▶ **Collection entries**:
________________________
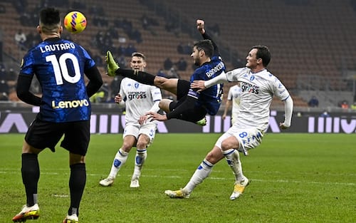 L'Empoli sfiora il colpaccio a San Siro, va sotto 1-0 (gol di Sanchez subentrato all'infortunato Correa) e ribalta la gara nella ripresa grazie a Bajrami e al colpo di testa di Cutrone con deviazione di Radu nella propria porta. Nel recupero una splendida semirovesciata di Ranocchia prolunga la gara ai supplementari. Poi Simone Inzaghi manda in campo Stefano Sensi (in partenza con destinazione Samp) e il centrocampista nerazzurro fa 3-2 con un bel diagonale che qualifica l’Inter ai quarti di finale di Coppa Italia.
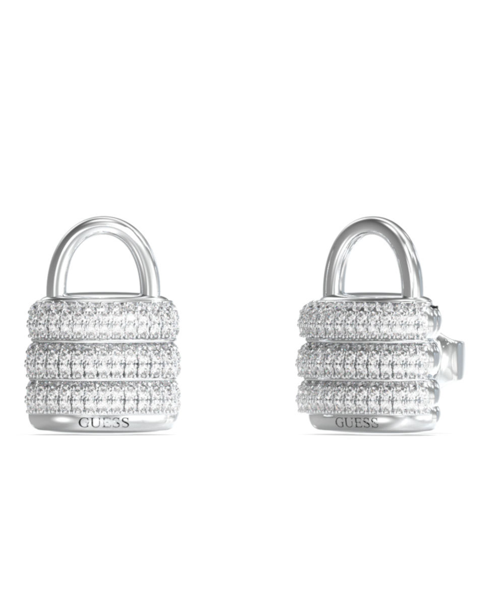 Γυναικεία σκουλαρίκια Guess από ανοξείδωτο ατσάλι με σχέδιο λουκετάκι και με λευκές πέτρες Ζιργκόν.
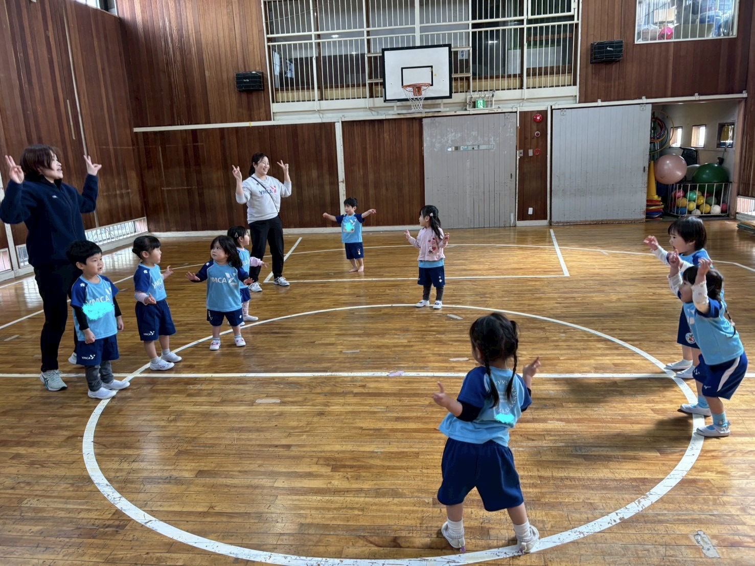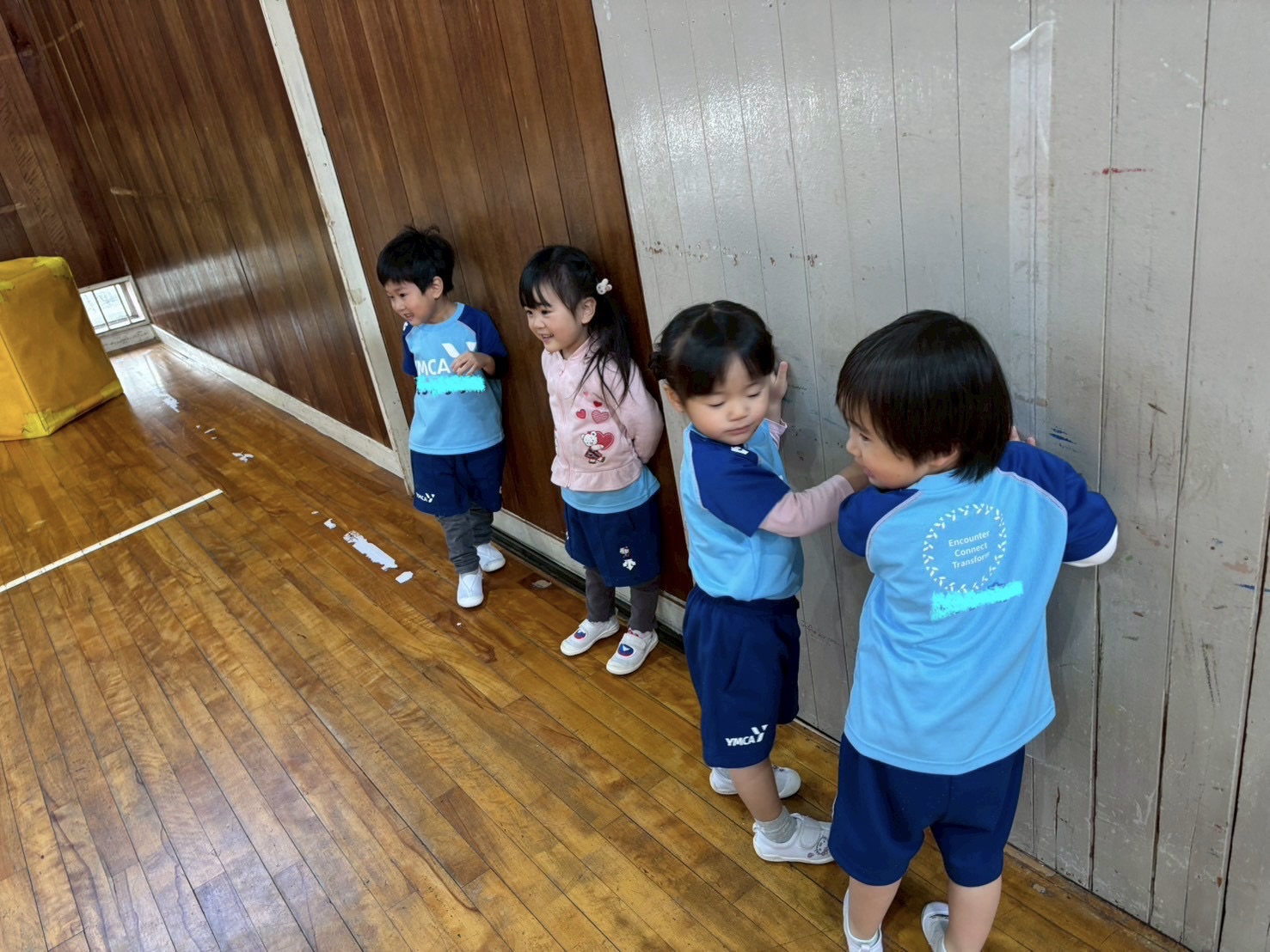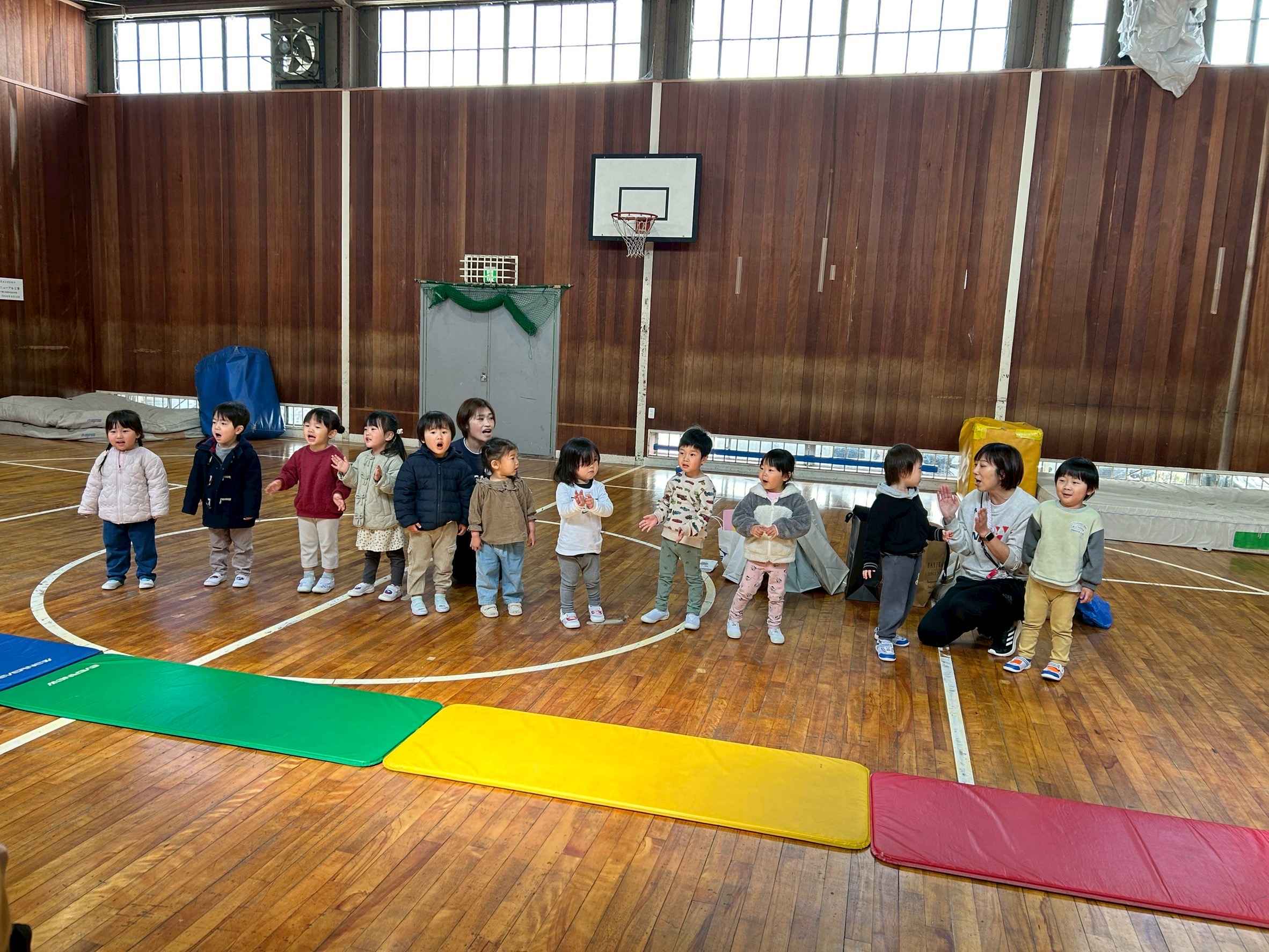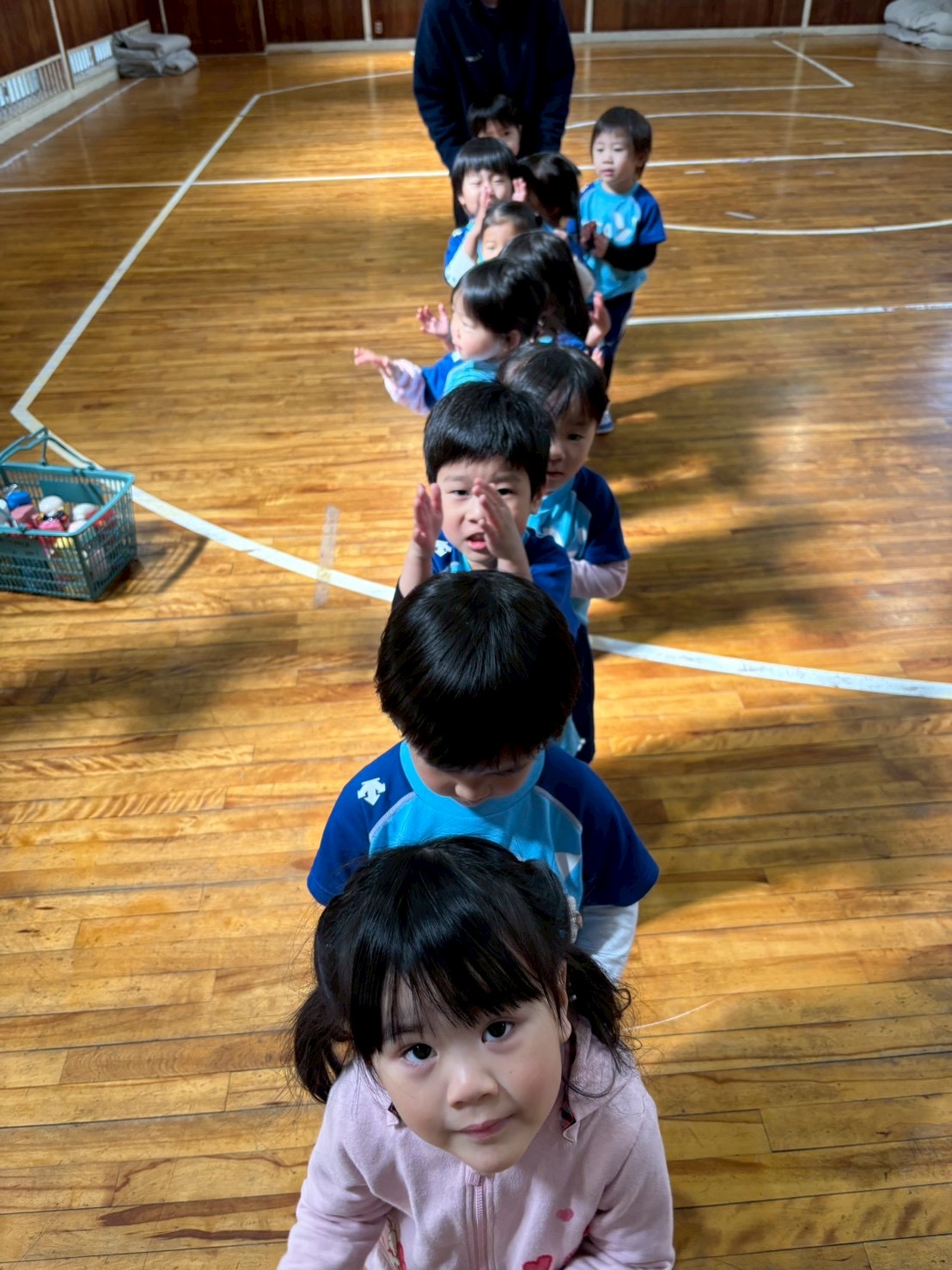 体育館からお部屋に戻る時もこんなにまっすぐ並べるようになりました!
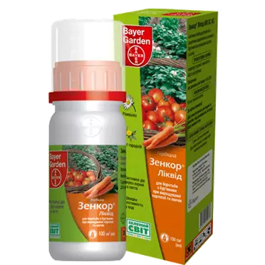 Зенкор® Ліквід - високоефективний системний гербіцид для боротьби з дводольними та злаковими бур'янами при вирощуванні картоплі, томатів та моркви. Зенкор® Ліквід - гербіцид, що діє як через листя, так і через ґрунт. Знищує бур'яни, що вже зійшли, а також ті, що проростають. Ранне знищення бур'янів сприяє тому, що тільки культурні рослини отримують поживні речовини, воду і світло для безперешкодного розвитку. , будяки жовтоцвітні, гірчиці польової, осота городньої, зірочки середньої - і проти однодольних бур'янів - лисохвіст польового, вівсюга, ситі їстівні, курячого проса, селянського проса, райграсу, миші. Ефективність препарату зростає при підвищенні температури повітря та ґрунту і досягає свого оптимуму при 20-25°С.
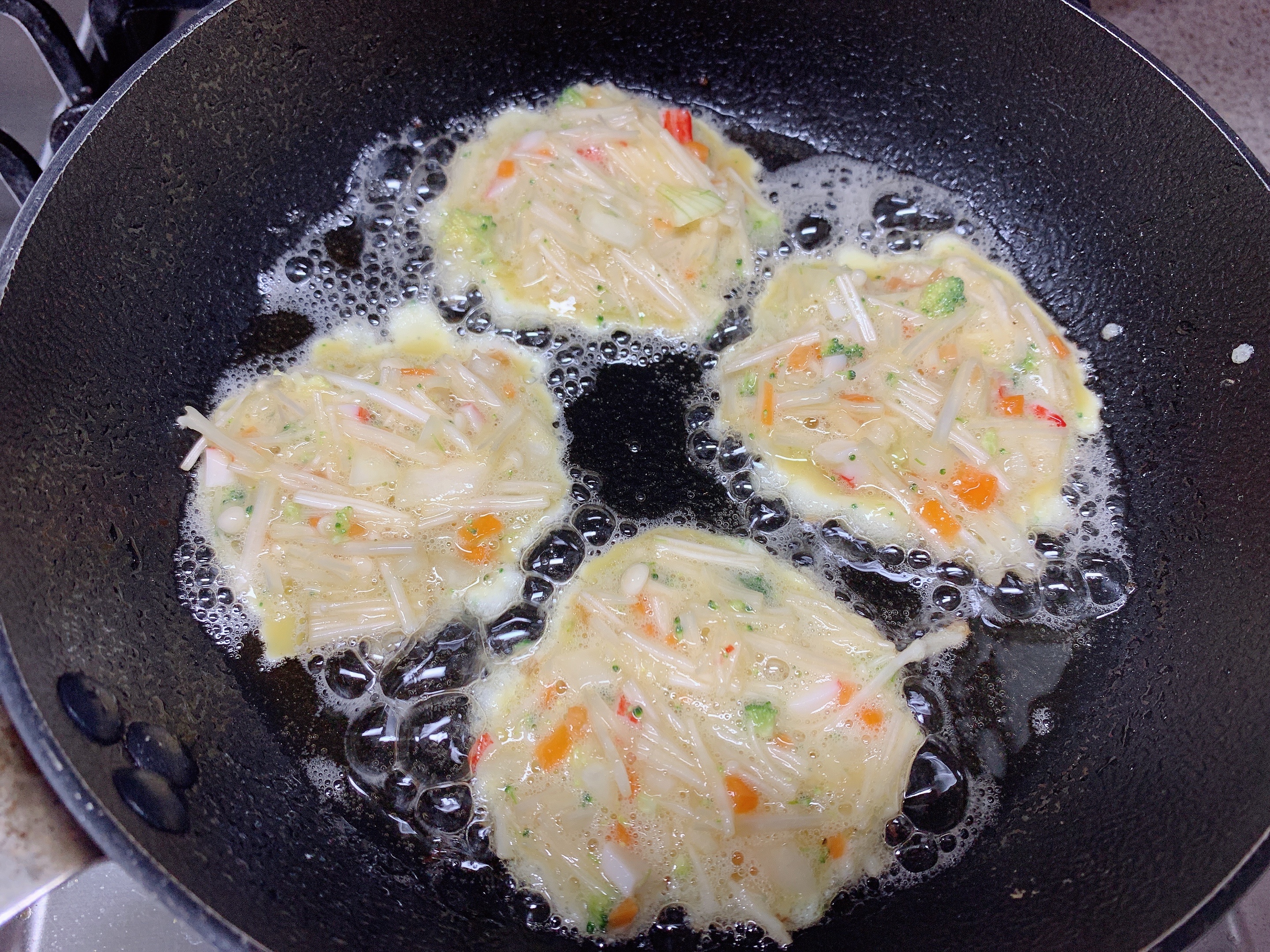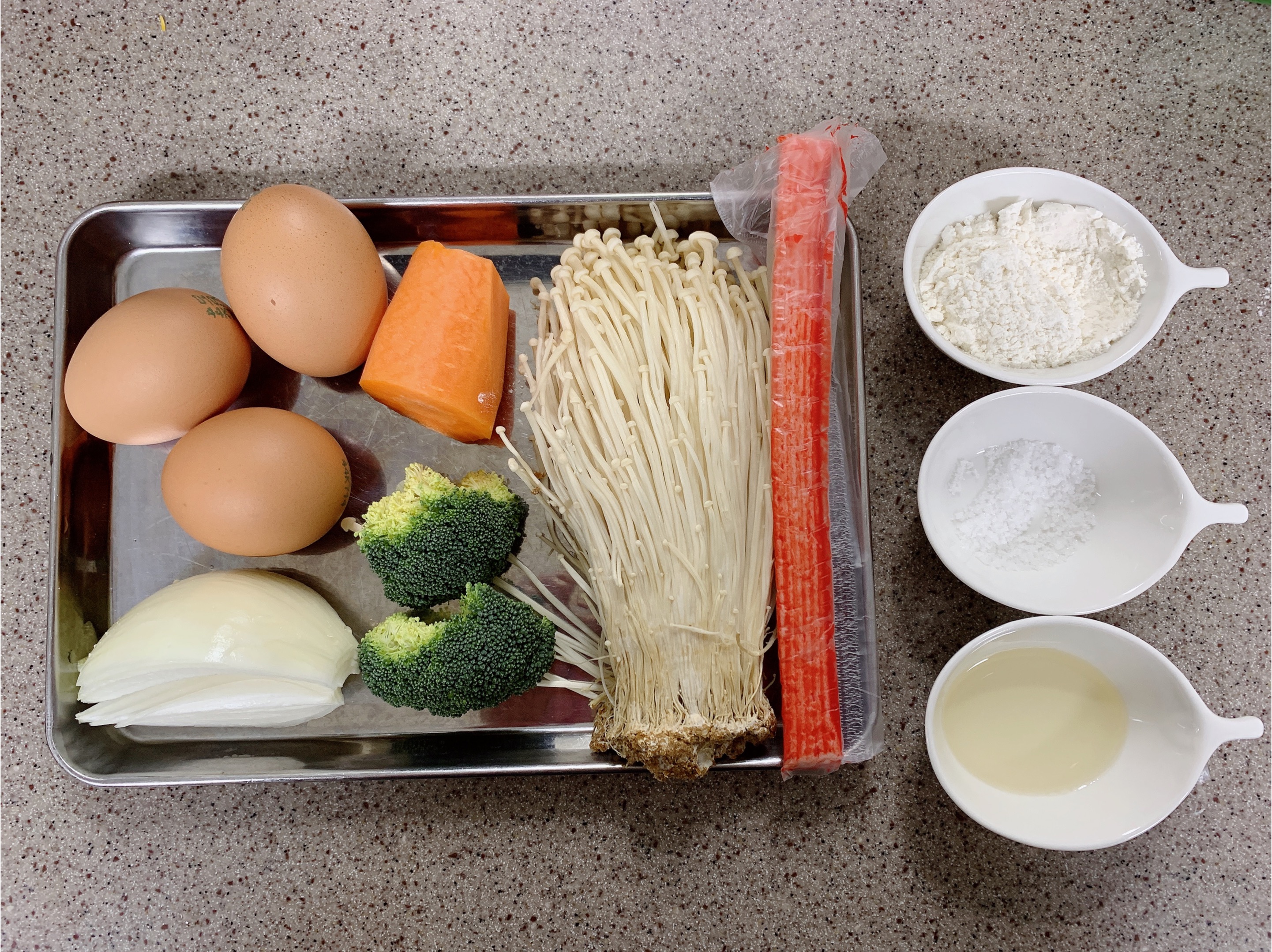 팽이버섯 한줌, 달걀 3개, 당근 조금, 브로콜리 조금,
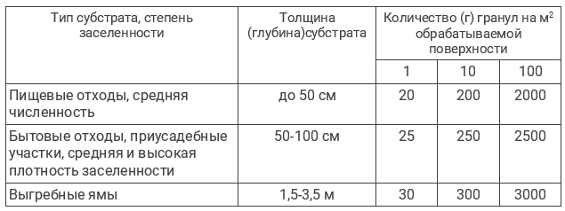 - При толщине слоя не более 50 см и низкой численности личинок расход средства составляет 20 г на 1 м2 поверхности.
________________________
Nothing but the lines from the start of the records through the line holding "体育館からお部屋に戻る時もこんなにまっすぐ並べるようになりました!" should be printed, exactly as written and with the pictures left out.

 L'Empoli sfiora il colpaccio a San Siro, va sotto 1-0 (gol di Sanchez subentrato all'infortunato Correa) e ribalta la gara nella ripresa grazie a Bajrami e al colpo di testa di Cutrone con deviazione di Radu nella propria porta. Nel recupero una splendida semirovesciata di Ranocchia prolunga la gara ai supplementari. Poi Simone Inzaghi manda in campo Stefano Sensi (in partenza con destinazione Samp) e il centrocampista nerazzurro fa 3-2 con un bel diagonale che qualifica l’Inter ai quarti di finale di Coppa Italia.
 Γυναικεία σκουλαρίκια Guess από ανοξείδωτο ατσάλι με σχέδιο λουκετάκι και με λευκές πέτρες Ζιργκόν.
 体育館からお部屋に戻る時もこんなにまっすぐ並べるようになりました!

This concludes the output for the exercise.